▶ [Materials provided]
- - - - -
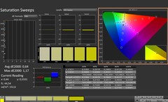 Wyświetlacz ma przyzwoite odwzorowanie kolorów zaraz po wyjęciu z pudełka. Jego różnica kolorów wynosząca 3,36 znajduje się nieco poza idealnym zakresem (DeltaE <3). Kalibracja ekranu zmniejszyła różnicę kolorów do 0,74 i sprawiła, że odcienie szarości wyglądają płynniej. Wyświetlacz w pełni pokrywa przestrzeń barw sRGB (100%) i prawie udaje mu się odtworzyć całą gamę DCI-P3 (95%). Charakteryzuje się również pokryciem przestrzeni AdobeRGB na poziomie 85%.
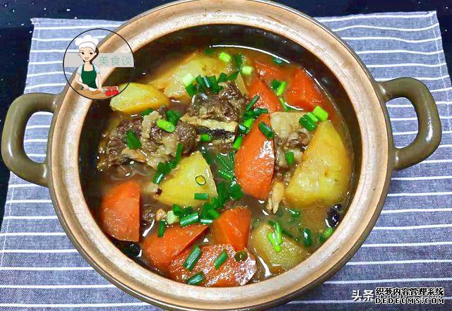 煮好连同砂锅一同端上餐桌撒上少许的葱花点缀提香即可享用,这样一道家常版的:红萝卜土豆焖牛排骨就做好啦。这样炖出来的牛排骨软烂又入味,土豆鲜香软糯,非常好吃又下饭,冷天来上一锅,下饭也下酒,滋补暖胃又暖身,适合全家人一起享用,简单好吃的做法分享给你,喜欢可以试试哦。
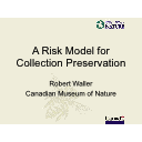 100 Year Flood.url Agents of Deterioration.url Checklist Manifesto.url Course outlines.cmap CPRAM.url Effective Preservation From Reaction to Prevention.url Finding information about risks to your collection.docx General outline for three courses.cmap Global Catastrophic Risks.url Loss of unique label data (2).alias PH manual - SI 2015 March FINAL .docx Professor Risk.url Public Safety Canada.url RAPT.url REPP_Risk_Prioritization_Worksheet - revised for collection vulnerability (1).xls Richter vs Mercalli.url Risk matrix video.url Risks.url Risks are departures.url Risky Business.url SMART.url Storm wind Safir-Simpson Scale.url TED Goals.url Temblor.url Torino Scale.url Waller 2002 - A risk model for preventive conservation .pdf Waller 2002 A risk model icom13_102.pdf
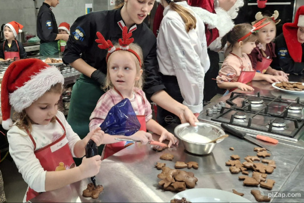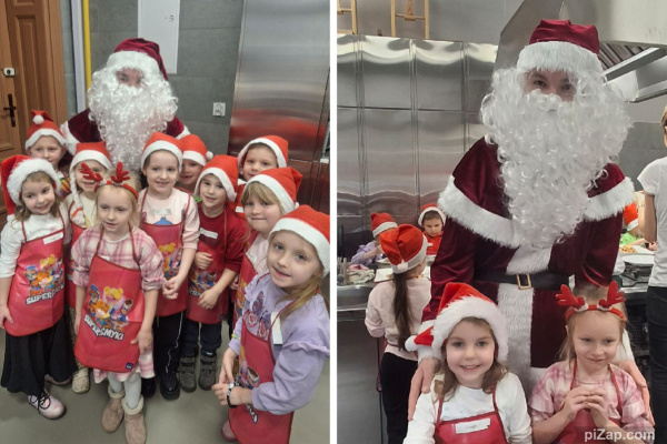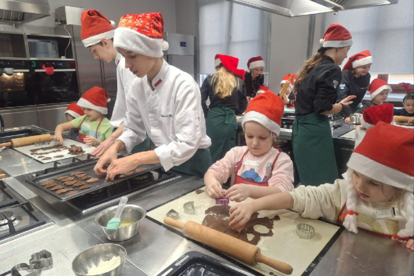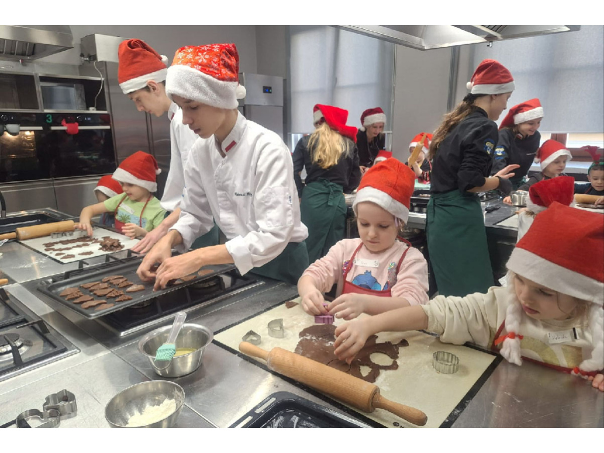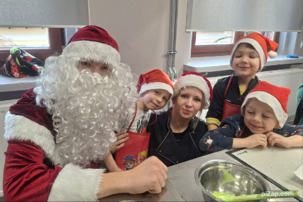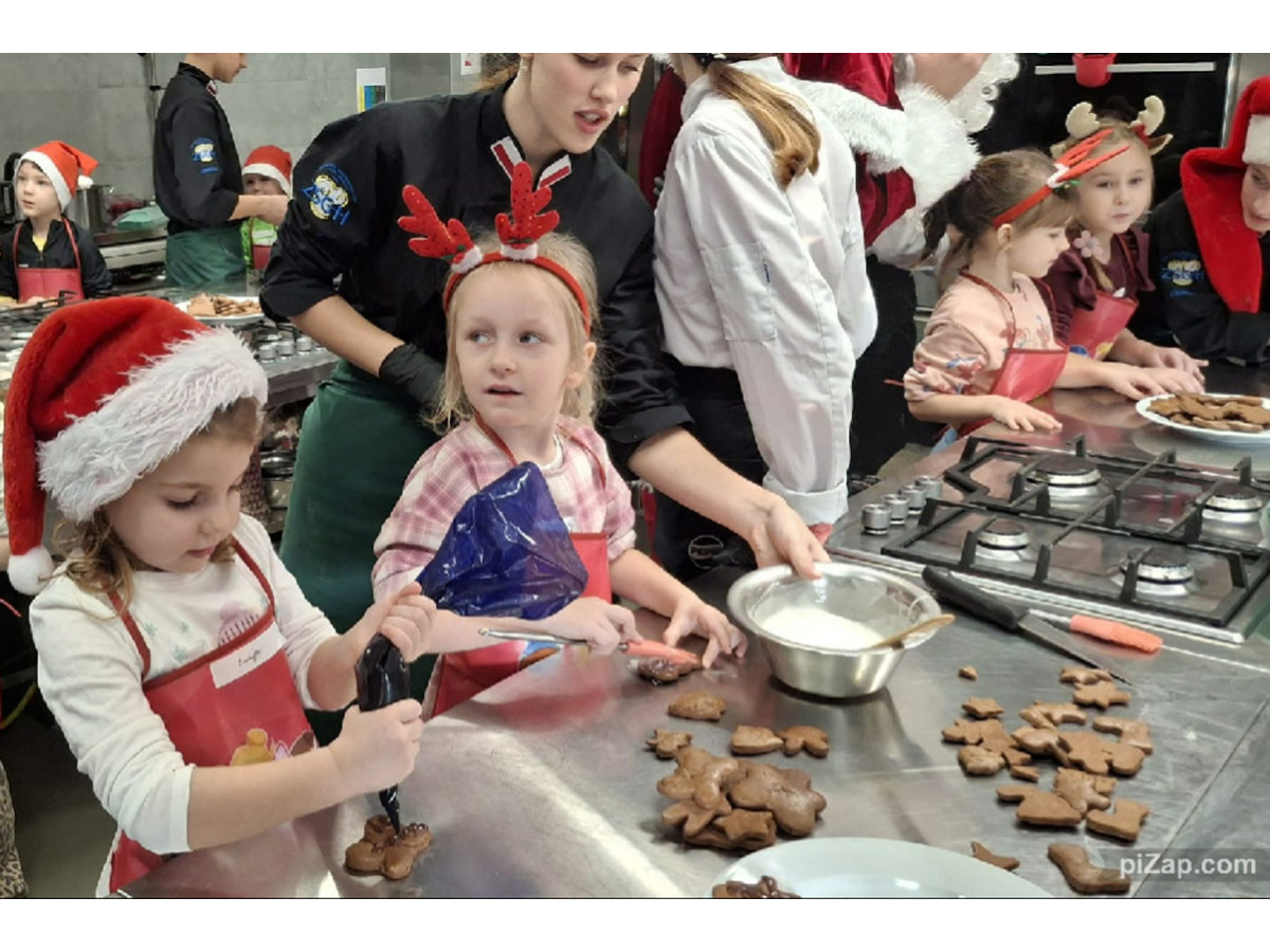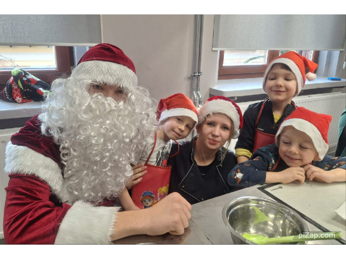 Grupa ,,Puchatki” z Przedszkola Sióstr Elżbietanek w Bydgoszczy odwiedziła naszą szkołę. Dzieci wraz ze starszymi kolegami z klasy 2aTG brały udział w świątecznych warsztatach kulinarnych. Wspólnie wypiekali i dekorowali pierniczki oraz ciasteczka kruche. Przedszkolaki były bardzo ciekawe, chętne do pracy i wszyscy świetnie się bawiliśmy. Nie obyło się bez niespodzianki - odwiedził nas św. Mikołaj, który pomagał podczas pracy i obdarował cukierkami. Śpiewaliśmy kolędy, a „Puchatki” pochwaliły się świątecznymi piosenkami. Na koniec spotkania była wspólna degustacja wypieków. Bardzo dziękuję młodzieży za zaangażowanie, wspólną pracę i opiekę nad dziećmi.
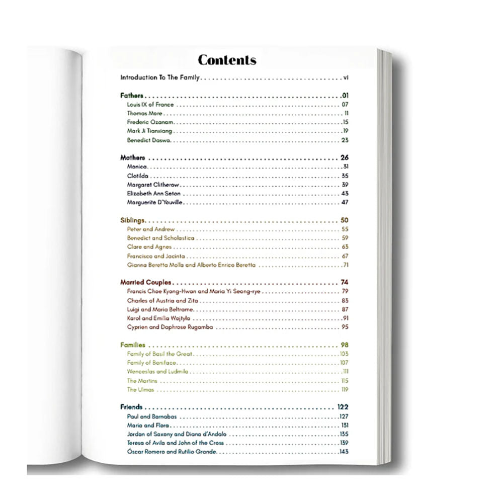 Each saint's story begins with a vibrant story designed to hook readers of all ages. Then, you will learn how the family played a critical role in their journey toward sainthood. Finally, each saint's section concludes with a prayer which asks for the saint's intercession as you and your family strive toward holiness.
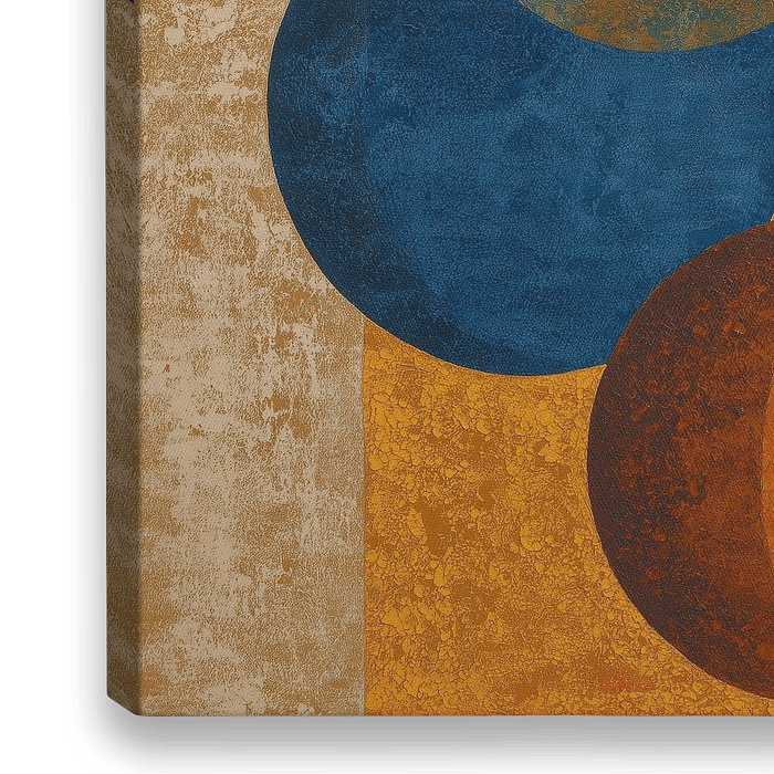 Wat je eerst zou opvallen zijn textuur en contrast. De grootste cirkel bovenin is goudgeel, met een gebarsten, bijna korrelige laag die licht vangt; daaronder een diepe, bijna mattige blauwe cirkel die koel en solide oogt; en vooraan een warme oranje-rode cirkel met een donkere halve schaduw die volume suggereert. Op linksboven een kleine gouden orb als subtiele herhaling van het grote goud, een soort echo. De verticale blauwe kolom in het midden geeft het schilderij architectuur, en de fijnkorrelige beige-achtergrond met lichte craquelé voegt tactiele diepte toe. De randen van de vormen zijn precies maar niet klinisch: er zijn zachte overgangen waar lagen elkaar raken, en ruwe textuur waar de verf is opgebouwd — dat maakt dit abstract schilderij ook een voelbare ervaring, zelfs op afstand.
- - - - -
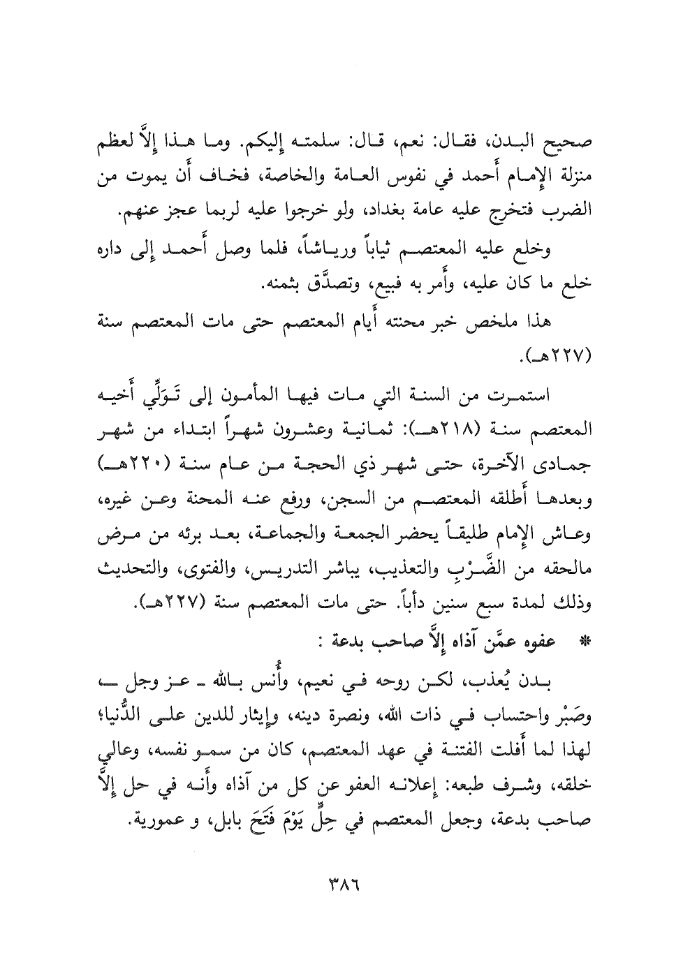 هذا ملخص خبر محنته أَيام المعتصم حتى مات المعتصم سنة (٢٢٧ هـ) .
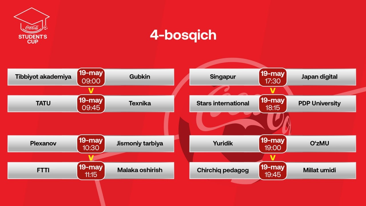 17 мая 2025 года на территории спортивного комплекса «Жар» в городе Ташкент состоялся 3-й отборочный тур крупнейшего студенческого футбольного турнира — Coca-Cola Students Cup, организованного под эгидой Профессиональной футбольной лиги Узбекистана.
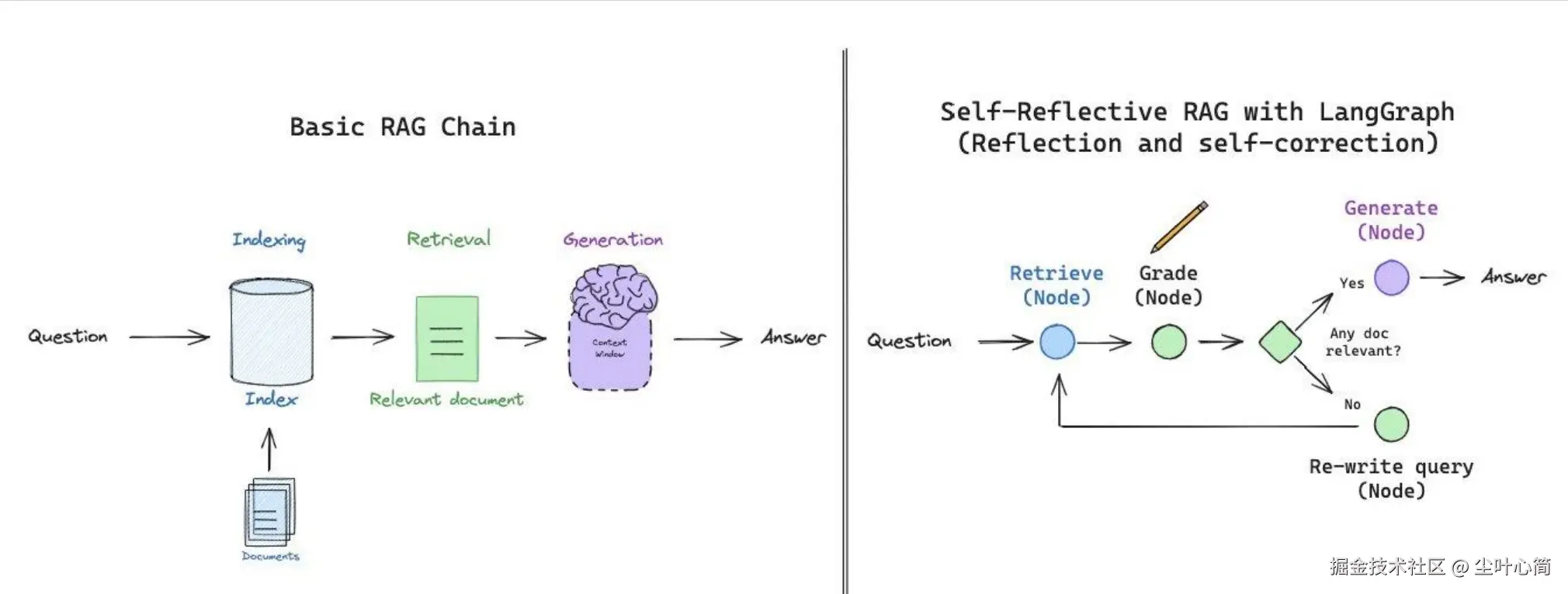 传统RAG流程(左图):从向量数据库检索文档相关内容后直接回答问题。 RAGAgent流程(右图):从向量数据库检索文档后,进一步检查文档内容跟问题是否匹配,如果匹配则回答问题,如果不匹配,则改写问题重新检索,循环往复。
- - - - -
▶ [What you will do]
In the records above, find the line with "هذا ملخص خبر" and the line with "17 мая 2025"; please transcribe exactly those two lines and all lines between them, omitting any picture.

▶ [Output below]
 هذا ملخص خبر محنته أَيام المعتصم حتى مات المعتصم سنة (٢٢٧ هـ) .
 17 мая 2025 года на территории спортивного комплекса «Жар» в городе Ташкент состоялся 3-й отборочный тур крупнейшего студенческого футбольного турнира — Coca-Cola Students Cup, организованного под эгидой Профессиональной футбольной лиги Узбекистана.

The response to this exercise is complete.